Most people are well aware of the fact that muscle growth doesn't occur during a tough workout. Muscle growth happens long after your last rep and what you do during the post-workout period can be just as important as what you did for exercise. Since getting sufficient rest in between bouts of activity is proven to be essential in the success of fitness programs there has been no end to the vast information released in regards to the best ways to spend time outside the gym. There are plenty of questions to answer: "What should I eat?" "What should I drink?" "How should I stretch?" "How many days per week should I strength train?" "Should I do aerobic training on non-lifting days?" "How much sleep do I need?" Even though everyone has their unique wishes and concerns, you can begin to respond to your own by learning more about the science behind about how the body responds to exercise.
One of the first puzzles involves figuring out when to train and when not to train. It is important for us to engage in some physical activity every day, such as walking, gardening, or general labor. We can run into a problem when we push ourselves past comfort zones in more demanding activities such as running and weight lifting. It's not that trying pushing ourselves past physical limits does more harm than good. It's that when we put ourselves through the same "recreational stressors" (e.g. chronic cardio, bodybuilding, digging holes) over and over again, without enough rest in between, we begin to lower the bar. We want training to raise the bar and it can when we work with our bodies, not against them.

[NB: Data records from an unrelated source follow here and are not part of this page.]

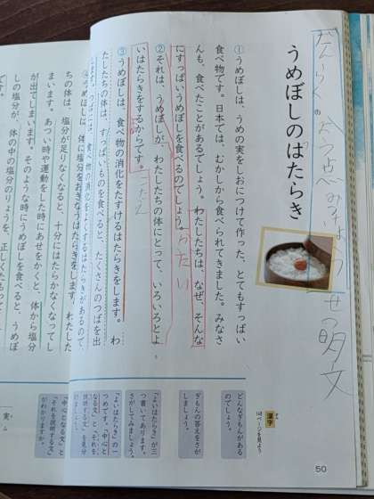 そこで授業では、子どもたちは鉛筆を持ち、お友達が教科書の文章を読むのを聞きながら、梅干しの働きについてわかるところに線を引いていきました^_^
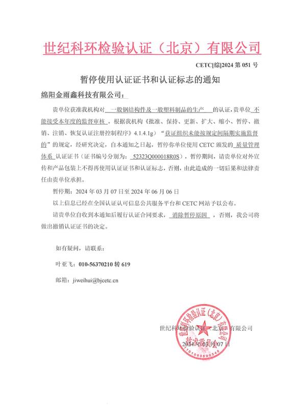 暫停使用認(rèn)證證書和認(rèn)證標(biāo)志的通知
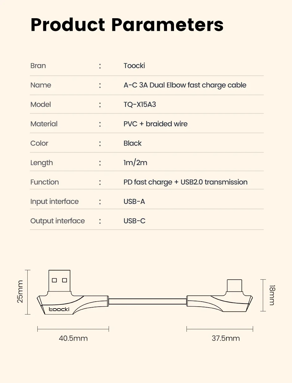 Toocki Double Elbow USB Type C Cable 3A Fast Charging 90 Degree USB C Cable For Xiaomi Samsung Huawei LG Data C Type Game Cord
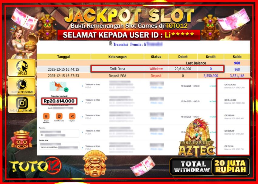 Selamat kepada Member Kami Li****** Telah Jackpot dan berhasil mendapatkan kemenangan besar pada permainan JACKPOT SLOT GAME (TREASURES OF AZTEC)  Dengan Kemenangan Sebesar Rp.20.614.000 –.
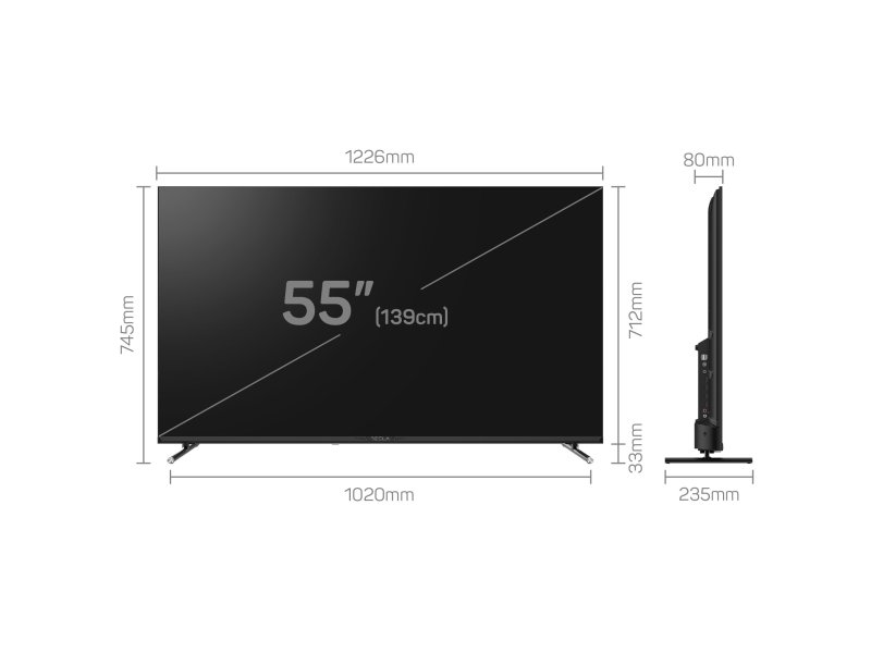 | Ekran | Veličina ekrana: 55” (139 cm) Tip ekrana: 10bit, VA Rezolucija ekrana: 4K UHD (3840 x 2160) Osvežavanje ekrana: 60Hz Osvetljenost: 270 cd/m² Dinamički contrast: 5000:1 Ugao gledanja: 170°/170° Vreme odziva: 6.5 ms |
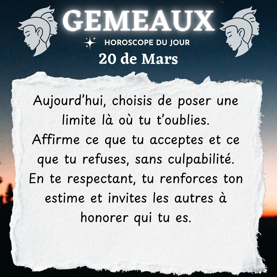 ♊ Gémeaux aujourd'hui Vendredi 20 du Mars
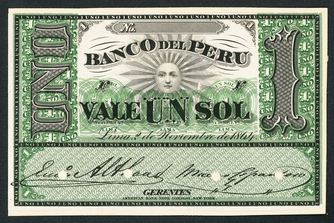 Lima, Peru, Banco del Peru, sol front proof, 2-11-1864.
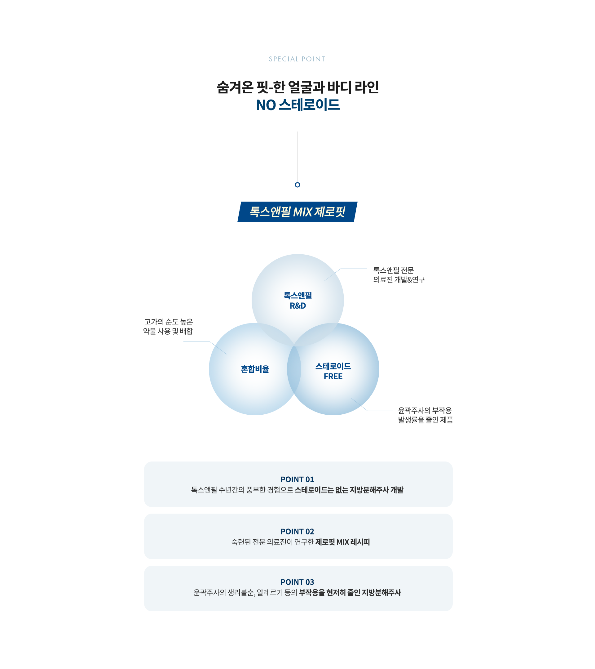 보통 1부위에 3~5cc 정도를 추천합니다. 지방 양과 상태에 따라서 필요한 용량은 달라질 수 있습니다.
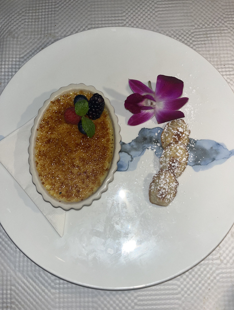 To top off our meal, we opted for the crème brûlée dessert. The dish came within a smokey, caramelized crust with berries on top and madeleine cookies dusted with powdered sugar on the side.
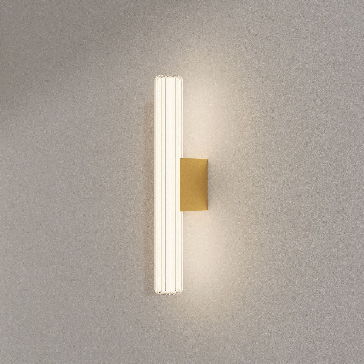 A Linea kollekció fali lámpája a modern design és a funkcionalitás harmonikus kombinációja. Az átlátszó üvegből készült, egyedi, cső alakú lámpaernyőt függőleges vonalakból álló finom minta díszíti. Az innovatív kialakítás integrált LED CCT világítást tartalmaz, amely lehetővé teszi, hogy kiválaszthassa a kívánt fényszínt - a melegtől a semlegesen át a hidegig. A fali lámpa fém aljzatra van szerelve. A Linea fali lámpa egyszerű, mégis stílusos kialakításával tökéletesen illik a modern belső terekbe, lakó- és kereskedelmi célokra egyaránt, eleganciát és finom ragyogást kölcsönözve.

After a workout the body doesn't just repair damaged and torn fibers to their former condition. It actually takes extra precautions during the repair process so it will be better able to handle similar stress in the future. In other words, there is a certain period of time after you've fully recovered from a workout that you're stronger than you were before. Some fitness professionals refer to this as thesupercompensation period. Learning how to balance work, rest, and everything else in your life is key to getting the most benefit from your workouts thanks to this physiological phenomenon.

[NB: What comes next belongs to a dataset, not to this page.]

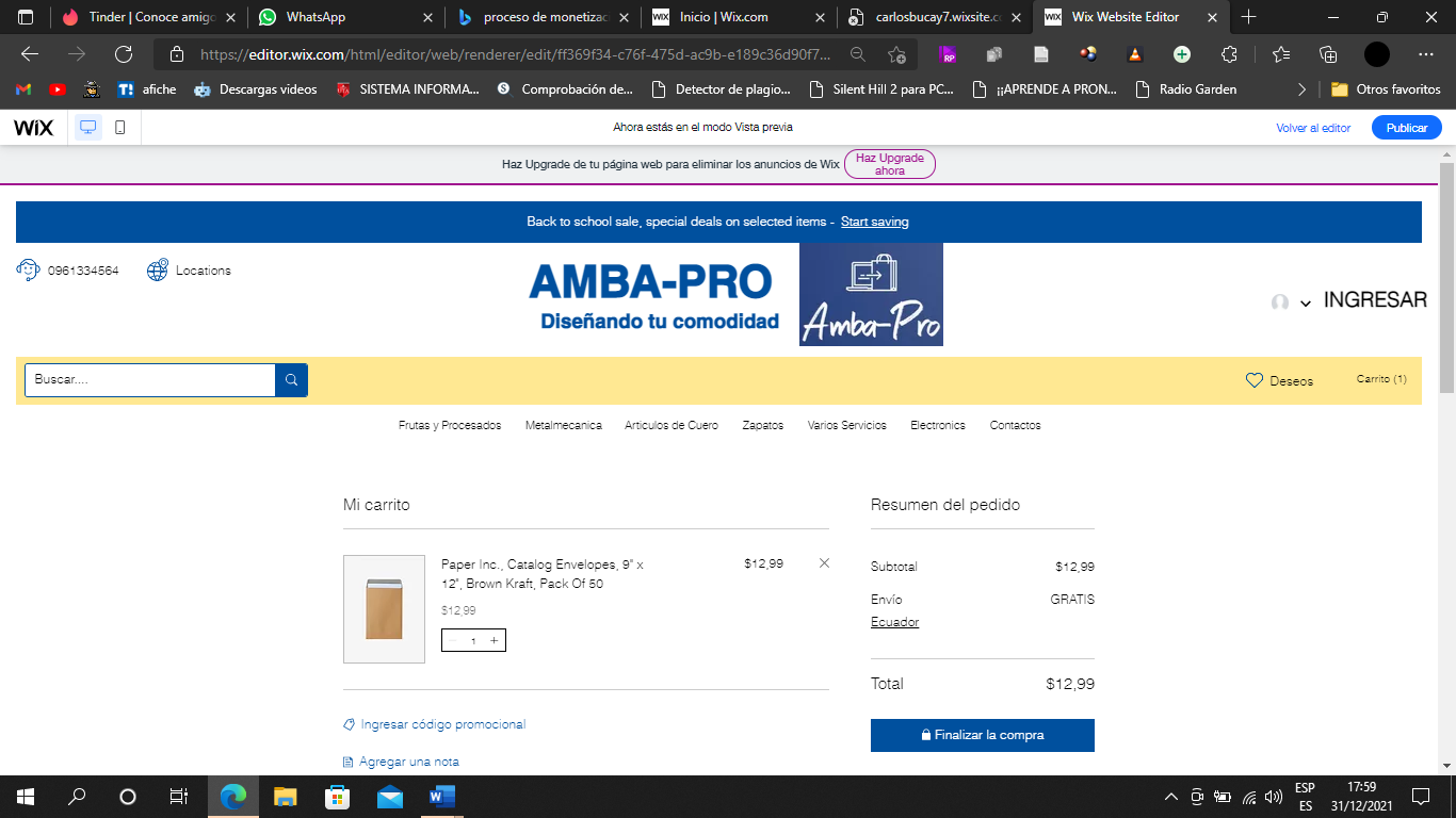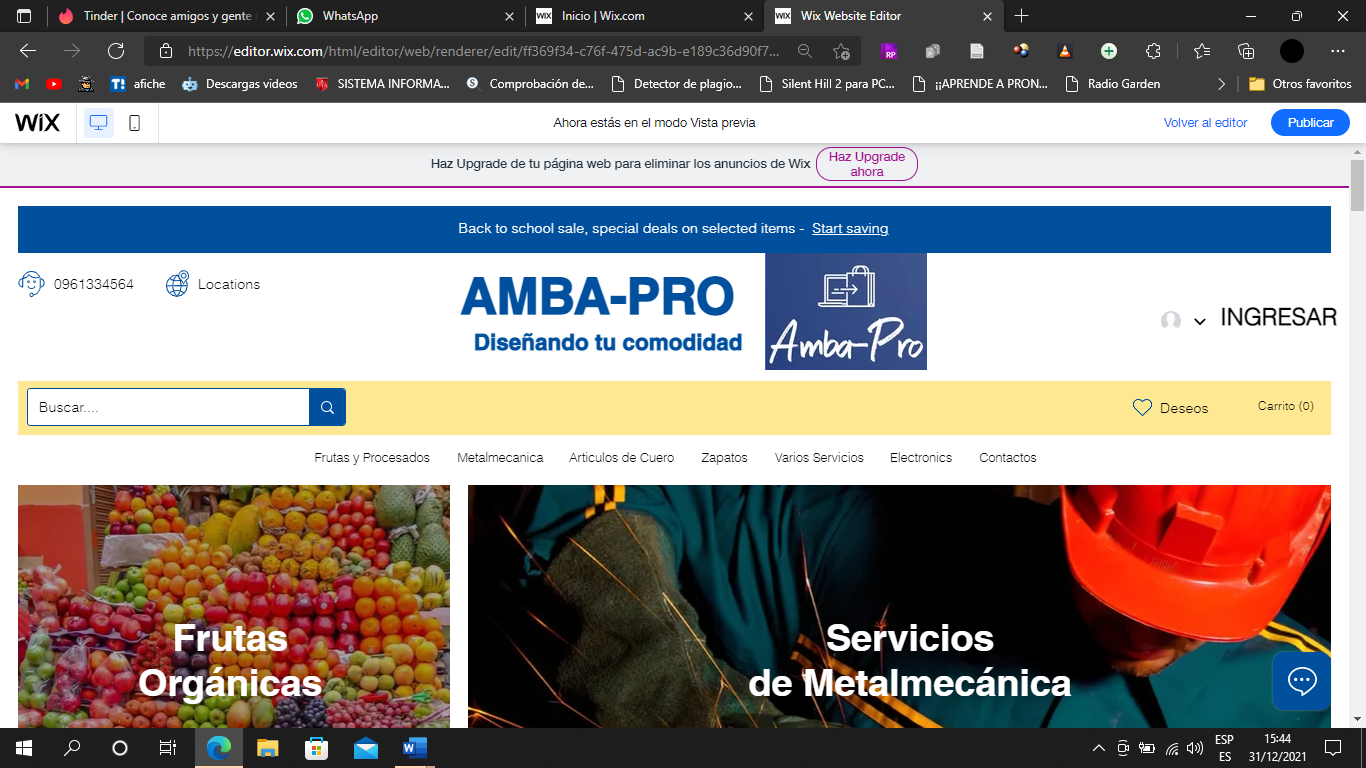 Esta imagen es una vista simplificada del diseño de la página web enfocada en la empresa Amba-Pro, la cual agrupa a todos los bienes y servicios producidos por las Mipymes de la ciudad de Ambato, agrupadas por categorías las cuales están presentes en la barra de navegación.

We can't benefit from supercompensation until we fully recover from a workout and the body is ready for more stress. One of the general signs for telling when you're sufficiently recovered is when delayed onset muscle soreness (DOMS) has subsided. Muscle soreness from activity usually last anywhere from 24 to 72 hours. It can last longer but this all depends on the volume and intensity of an activity. Working around DOMS is one of the reasons many strength training programs follow a 2-3 day schedule where rest is taken at least a day or two in between workouts. This gives muscles ample time to rebuild completely so they aren't broken down again while they are still in a weakened condition. For many people, taking 24 to 48 hours off in between workouts is an easy to follow rule-of-thumb, yet does that leave us with 24 to 48 hours to completely ignore a fitness program? No, and learning what to do with that time in between can help keep you from missing out on any gains that can be made from your workouts.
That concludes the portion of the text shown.